A su vez, el inciso c), numeral 2°, artículo 38 de la Ley 489 de 1998[footnoteRef:1], consagra que las unidades administrativas especiales con personería jurídica, hacen parte del sector descentralizado por servicios del orden nacional. Incluso, el artículo 82 de la misma normatividad dispone que las unidades administrativas especiales y las superintendencias con personería jurídica, son entidades descentralizadas, con autonomía administrativa y patrimonial, las cuales se sujetan al régimen jurídico contenido en la ley que las crea y en lo no previsto por ella, al de los establecimientos públicos. [1: Por la cual se dictan normas sobre la organización y funcionamiento de las entidades del orden nacional, se expiden las disposiciones, principios y reglas generales para el ejercicio de las atribuciones previstas en los numerales 15 y 16 del artículo 189 de la Constitución Política y se dictan otras disposiciones.] 3.
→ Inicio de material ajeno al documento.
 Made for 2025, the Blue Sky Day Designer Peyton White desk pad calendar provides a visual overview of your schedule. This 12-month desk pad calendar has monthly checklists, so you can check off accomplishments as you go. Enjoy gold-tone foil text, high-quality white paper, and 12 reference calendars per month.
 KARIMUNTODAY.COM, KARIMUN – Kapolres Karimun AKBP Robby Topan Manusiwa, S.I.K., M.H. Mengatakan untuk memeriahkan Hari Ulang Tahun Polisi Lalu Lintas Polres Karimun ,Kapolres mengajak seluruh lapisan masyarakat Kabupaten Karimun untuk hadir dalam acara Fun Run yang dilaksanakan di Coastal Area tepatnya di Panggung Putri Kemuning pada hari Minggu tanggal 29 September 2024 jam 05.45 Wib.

Por manera que, de conformidad con lo previsto en el Decreto 1382 ya citado, la falta de competencia de la Sala Penal del Tribunal Superior de Villavicencio para conocer en primera instancia del presente asunto resulta incuestionable, -se reitera-, por cuanto el reclamo constitucional, se encuentra exclusivamente dirigido contra las actuaciones adelantadas por el citada Unidad Administrativa Especial al negarle una sustitución pensional de sobrevivientes a la accionante, entidad que si bien se encuentra adscrita al Ministerio de Hacienda y Crédito Público, no compromete alguna actuación de esa cartera, pues aquélla es una entidad descentralizada por servicios del orden nacional, cuyas acciones de tutela son de competencia de los jueces del circuito. 4.
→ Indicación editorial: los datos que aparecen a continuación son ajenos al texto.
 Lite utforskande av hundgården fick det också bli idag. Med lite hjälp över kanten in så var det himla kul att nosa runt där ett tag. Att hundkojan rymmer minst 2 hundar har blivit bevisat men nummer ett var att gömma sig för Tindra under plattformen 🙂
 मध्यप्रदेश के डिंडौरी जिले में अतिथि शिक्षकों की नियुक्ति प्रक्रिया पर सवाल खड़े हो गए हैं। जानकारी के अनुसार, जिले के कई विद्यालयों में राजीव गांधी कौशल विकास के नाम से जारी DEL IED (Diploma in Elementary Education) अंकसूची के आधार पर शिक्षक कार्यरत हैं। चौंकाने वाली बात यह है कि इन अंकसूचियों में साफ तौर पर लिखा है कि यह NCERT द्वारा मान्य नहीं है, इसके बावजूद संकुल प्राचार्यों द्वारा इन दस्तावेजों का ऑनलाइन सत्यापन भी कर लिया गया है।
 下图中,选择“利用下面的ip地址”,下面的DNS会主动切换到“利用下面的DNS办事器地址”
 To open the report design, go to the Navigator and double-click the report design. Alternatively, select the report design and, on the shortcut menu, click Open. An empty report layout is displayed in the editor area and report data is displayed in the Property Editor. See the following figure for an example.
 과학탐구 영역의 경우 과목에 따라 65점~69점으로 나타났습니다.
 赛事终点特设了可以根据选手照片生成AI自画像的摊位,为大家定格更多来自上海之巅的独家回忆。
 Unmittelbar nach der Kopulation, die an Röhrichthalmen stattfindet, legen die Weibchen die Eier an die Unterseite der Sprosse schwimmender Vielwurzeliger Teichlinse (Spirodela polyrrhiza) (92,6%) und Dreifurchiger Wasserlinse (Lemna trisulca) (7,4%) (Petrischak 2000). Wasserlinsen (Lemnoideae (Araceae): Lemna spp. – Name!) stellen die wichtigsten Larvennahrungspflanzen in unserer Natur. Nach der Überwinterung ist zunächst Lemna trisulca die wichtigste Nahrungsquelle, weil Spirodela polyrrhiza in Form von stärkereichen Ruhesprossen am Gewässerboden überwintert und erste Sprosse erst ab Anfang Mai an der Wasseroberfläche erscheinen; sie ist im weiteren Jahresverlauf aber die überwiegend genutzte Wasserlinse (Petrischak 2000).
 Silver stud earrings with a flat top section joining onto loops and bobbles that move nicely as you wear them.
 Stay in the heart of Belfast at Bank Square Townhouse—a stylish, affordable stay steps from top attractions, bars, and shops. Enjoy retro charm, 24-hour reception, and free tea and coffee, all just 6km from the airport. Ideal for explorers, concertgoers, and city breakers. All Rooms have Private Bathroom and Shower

Debe tenerse en cuenta que aunque el trámite de amparo constitucional se rige por los principios de informalidad y celeridad, no se puede omitir que la competencia del juez está inescindiblemente referida al derecho fundamental al debido proceso -artículo 29 de la Carta-, al acceso al juez natural y a la administración de justicia. Sobre el particular, en el auto N° 304 A de 2007, textualmente adujo la Corte Constitucional que «la falta de competencia del juez de tutela genera nulidad insubsanable y la constatación de la misma no puede pasarse por alto, por más urgente que sea el pronunciamiento requerido, pues (…) la competencia del juez se relaciona estrechamente con el derecho constitucional fundamental al debido proceso».
En la misma dirección, la referida Corporación puso de presente en el auto N° 124 del 25 de marzo de 2009 que acorde con el artículo 29 de la Constitución, el debido proceso implica, entre otras cosas, que nadie puede ser juzgado sino conforme a leyes preexistentes al acto que se le imputa, « ante juez o tribunal competente y con observancia de la plenitud de las formas propias de cada juicio».
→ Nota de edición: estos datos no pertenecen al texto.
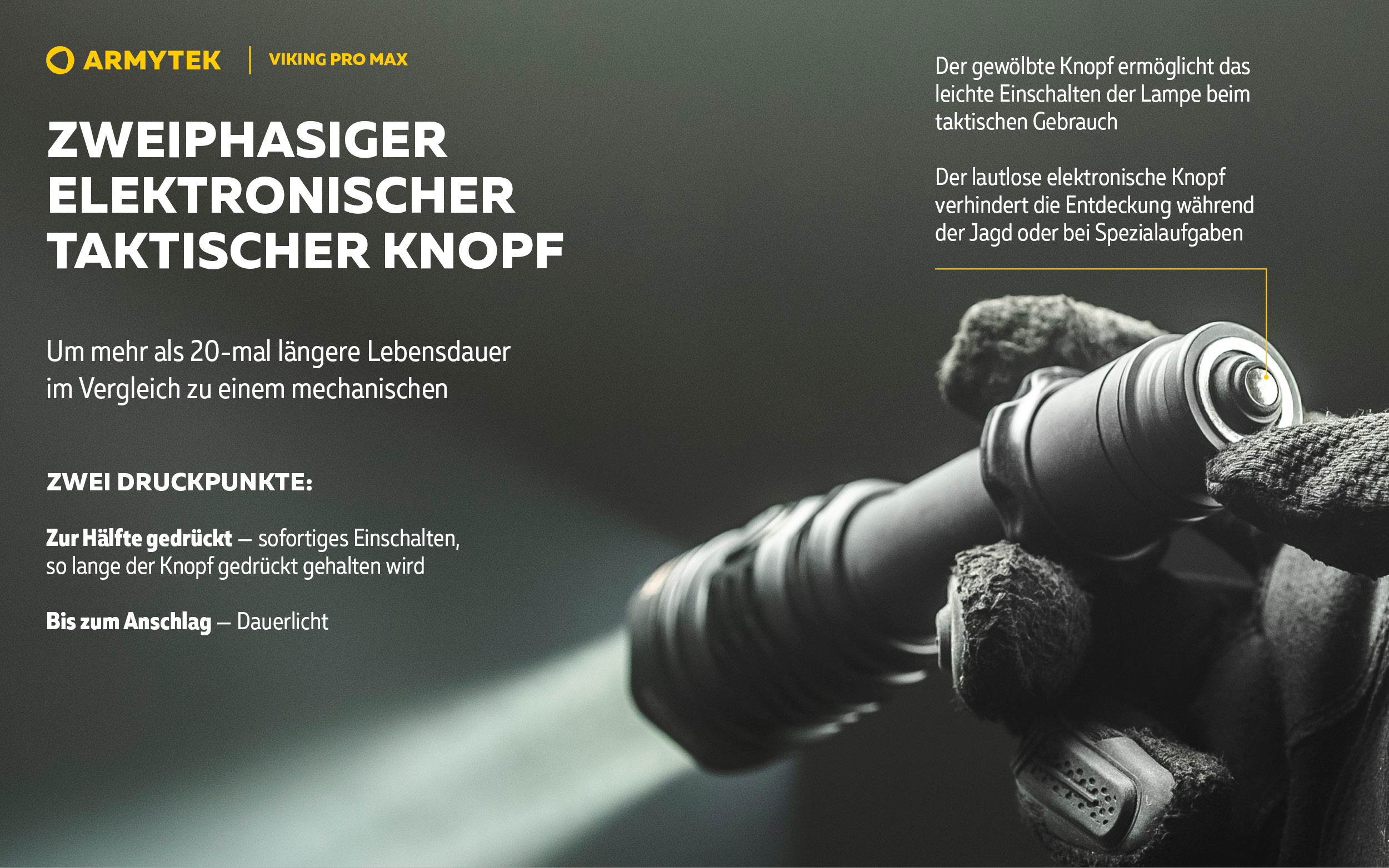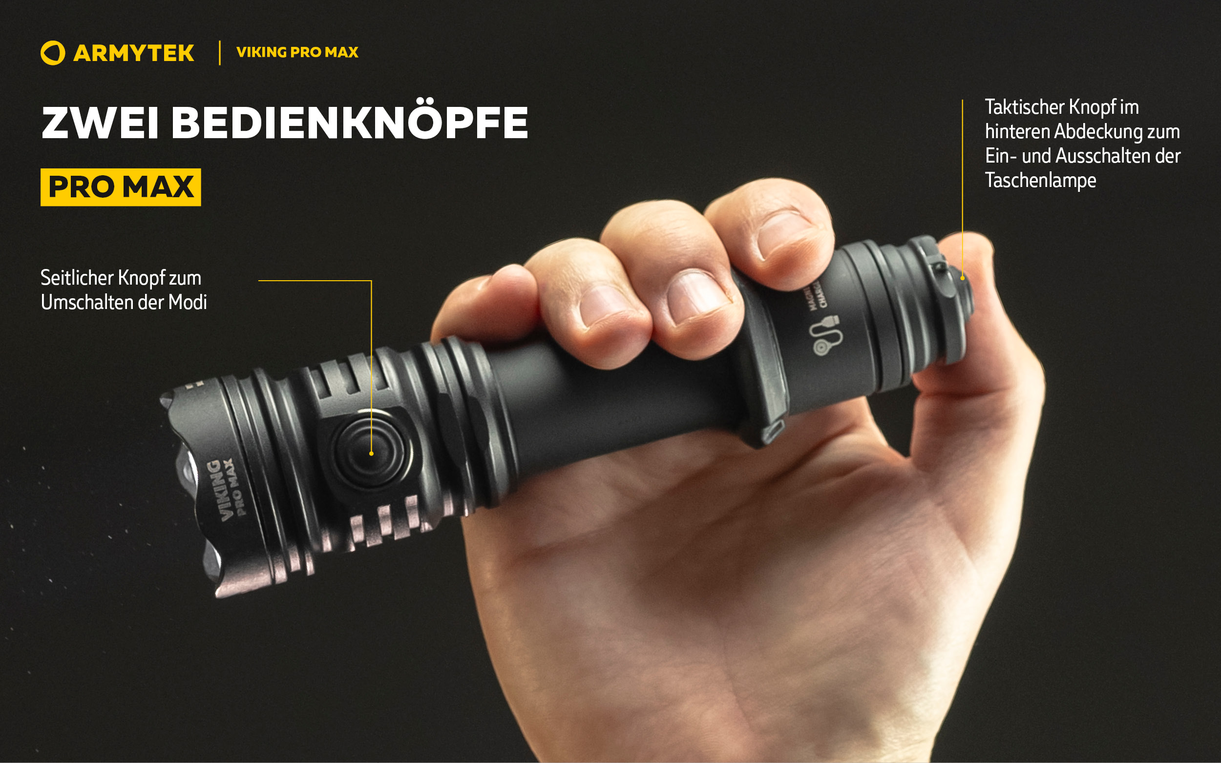 - Pro Max Zwei Bedienknöpfe: ein taktischer Knopf im hinteren Abdeckung zum Ein- und Ausschalten der Taschenlampe und ein seitlicher Knopf zum einhändigen Umschalten der Modi.
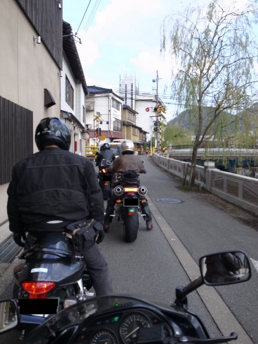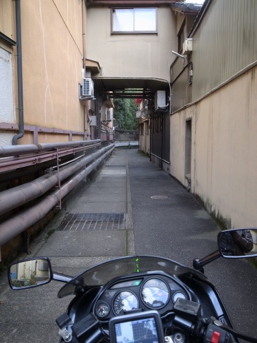 城崎温泉の街中に入った時、先についていたren氏のZZR1400とすれ違い合流、そのまま鴻の湯に向かう。途中方向転換を間違えて迷い込んだ温泉街の路地裏は大型バイクではなく散策するに面白そう。いつか城崎温泉だけを目的地にゆっくり歩いてみたい。
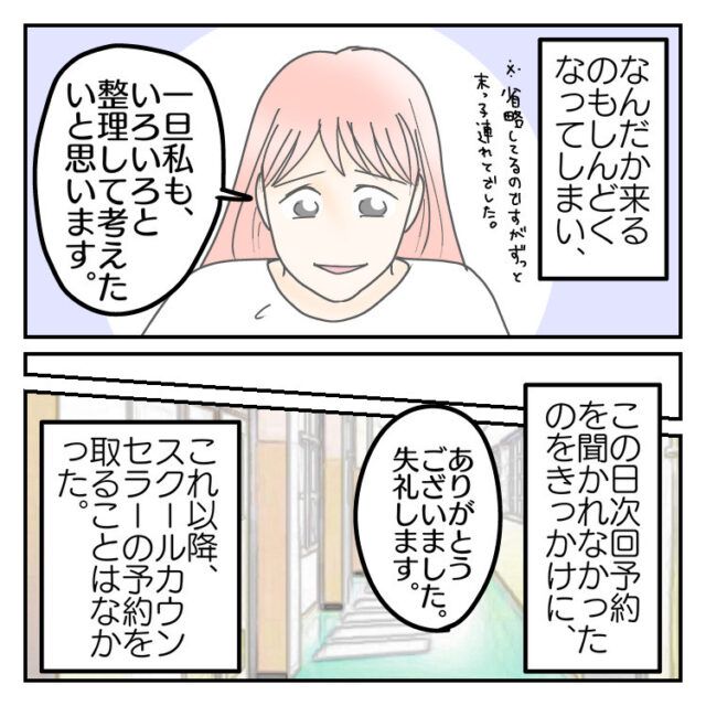 3. [58]そうなのかも、でも・・。カウンセラーの意見に心から納得できない自分がいる。校に行きたくない理由|ねこじまいもみの楽しくワンオペライフ

(Cf. CC. A-072 A/06). 5. Es preciso considerar, que esta Sala no desconoce las previsiones que ha hecho la Corte Constitucional, acerca de que « los conflictos de competencia con base en el Decreto 1382 de 2000 ha generado que los peticionarios deban sufrir por varios meses (sic) las graves consecuencias de la presunta violación de sus derechos fundamentales mientras los distintos jueces discuten aspectos meramente procesales relacionados con las reglas de reparto; lo cual, además, es muestra de una gran insensibilidad constitucional».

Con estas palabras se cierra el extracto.